Stop complaining about ‘slacking’ working parents

There’s an article doing the rounds of social media at the moment about parents skiving off work and leaving their childfree colleagues to pick up the slack. I paraphrase, but you get the gist.

A few of my friends have shared this piece of what feels like parent-bashing propaganda. But the assertions seem to me to be flimsy at best.

Parents are at a disadvantage when it comes to workplace slacking. Generally, we are slacking for a specific, child-related purpose. We have to leave to pick someone up, watch someone do something or tend to someone who is ill.

All of these are very hard to conceal. You notice when a parent is out of the office looking after their child, or has a set time to leave. They might even have had to have these conversations with their employer when they were first hired.

Compare that to the slacking of non-parents. I have worked with countless people who have arrived at work half-asleep, sometimes not even in their work clothes. They have a coffee at their desk, maybe get through a bowl of cereal, and quietly surf Facebook in that mid-afternoon time when motivation wanes.  I’ve worked with younger guys who have openly complained about being sub-par because of a hangover, and one who even tried to tempt young women in the office down to a couch on an abandoned floor of the building for regular “breaks”.

But then, because they are still at their desks at 5pm when the parent workers are having to get ready to leave, they feel virtuous about the long hours they are putting in – even if they are catching up on work they could have been doing during the day.

I know of one woman whose (predominantly male) colleagues rolled their eyes at her having to leave at 4pm each day – after starting at 8am. They all made it known that they stuck around until at least 5pm. But one day when she had to work late she discovered that between 4pm and 5pm they were not all diligently working but instead had their jackets on the back of their chairs, talking about sport.

I don’t know if you have tried it, but there is no incentive to get work done that is quite as effective as knowing you only have a limited number of hours until you’re back into child-wrangling. I would suggest there are few people more productive than a working mother who knows that anything she does not get done in the office is going to have to be done with small people around – or she’ll have to work until late, after they have gone to bed.

If I am going to listen to you talk about your big nights out, or cover you when you go on holiday or sit through meetings where we talk about literally nothing while I watch my to-do list get bigger by the minute, you can keep your complaints to yourself if sometimes I am not in the office at the time you would expect.

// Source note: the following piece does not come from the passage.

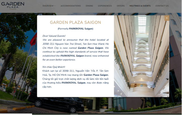 Trên fanpage cũng như website khách sạn tại số 309B-311, Nguyễn Văn Trỗi, phường Tân Sơn Hòa, TPHCM cho hay, từ ngày 16/08/2025, Parkroyal Saigon chính thức đổi tên thành Garden Plaza Saigon.

Quite apart from all this, there’s the social good of flexible working and understanding colleagues and employers. If we want to close the gender pay gap and get more women into management positions, we need to be more understanding of people’s lives outside work. Too often caring is written off as something to be embarrassed about having to do, whether that’s care of someone who’s sick, a child or an elderly relative.

Making parents feel bad about balancing the juggle serves no purpose except to add to the burden of someone’s (already significant) mum guilt. Parents already worry constantly about who they are letting down when they are trying to be everything to everyone.  You can bet the people who haven’t been productive today because of one too many Coronas last night aren’t sitting around fretting about it.